Павлик, который тут же стоял и глядел на это, вполголса весело произнёс:
– Доброе предзнаменовение! Камень упал, но не задел нашего пана! Дьявольская сила его бросила, а о Божью опеку разбилась! И та, что нас там ждёт в поле, бессильной будет…
Князь, услышав это, грустно улыбнулся и благодарно поглядел на смельчака. Камень, разбившийся от падения, большой, как приличная буханка чёрного хлеба, лежал у его ног.
Все поспешили за ним.
Отряды строились на так называемом Добром Поле у Нисса…
Первый, который уже раньше казался и был готов, когда князь приехал на него посмотреть, составляла разная дружина, собранный народ, прибежавшее со многих сторон рыцарство, немцев в авангарде было достаточно, которые тут командовали, старый Бертранд, что был под Дамьеттой, и так об этой осаде любил рассказывать, стоял тут так же.

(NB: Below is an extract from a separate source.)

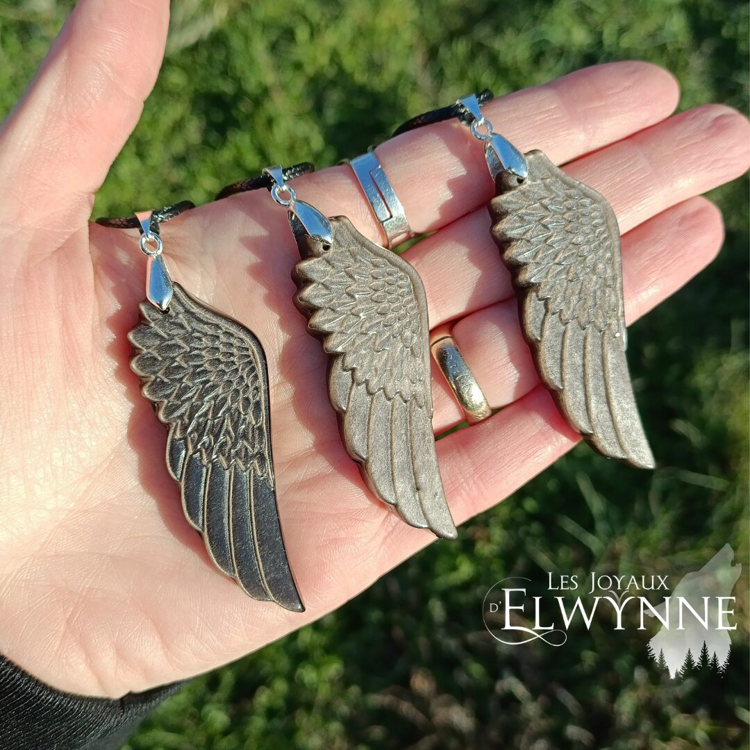 Pendentif aile d’ange en Obsidienne argentée

Тут были солдаты не одинаково вооружённые, а так как собралось их немного, прибыли также горняки из Злотогоры, народ сильный, крепкий, закалённый, но вооружённый больше молотами и обухами, чем оружием, имеющий кое-какие луки. Некоторые из них несли только простые щиты, были кое-как одеты в шкуру.
Где не хватало нормального солдата, дополняли горняками, которые показывали много храбрости. Вождём тут выбрал себя Шепёлка, за которого выдавал приказы моравянин Стемпек, его полководец, потому что того трудно было порой понять.
Горняки, над которыми насмехалось лучше вооружённые немецкие рыцари, так близко приняли это к сердцу, что стали кричать и требовать, чтобы первыми вышли на битву.
Князь Болеслав вовсе этого, по-видимому, не желал, но горняки настаивали всё сильней, и когда князь Генрих приблизился, начали кричать из рядов:
– Мы пойдём вперёд!
Поднимая вверх обухи, они согласно повторяли:
– Мы первые! Мы первые!
Немцы также им в мужестве уступить не хотели, и спорить не смели. Князь Генрих согласился с их требованием.
– Один Бог знает, в чём сила, – сказал он, – правда, что первое столкновение часто решает исход битвы, но когда имеют большую охоту и смелость…
Шепёлка должен был с этим согласиться.
Так, больно отомстив за издевательство, горняки первыми пошли на Доброе Поле, рьяно затянув песню Богородице.
Затем огласилась околица, потому что все другие отряды за ними начали петь.
С башни Панны Марии всё лучше было видно направляющихся уже к полю татар. Сверху смотрящие мерили глазами, какое пространство занимали свои и их отряды.
Увы! Каждая из этих пяти татарских групп десятикратно числом превосходила отряды войска, сосредотачивающегося на равнине над Ниссой.
Второй отряд, которым командовал Сулислав, полностью был составлен из краковян и великополян, хорошо вооружённый, в светлых панцирях, над ним красная хоругвь, что уже не раз обагрялась кровью. Тут было место Павлика, но мальчик с радостью, что вырвался, ехал с князем. Воюш ехал тут же за ним следом. Краковян и жителей Познани было не больше, чем первых, и хотя построились шире, не числом превосходили, но внешним видом и фигурой значили.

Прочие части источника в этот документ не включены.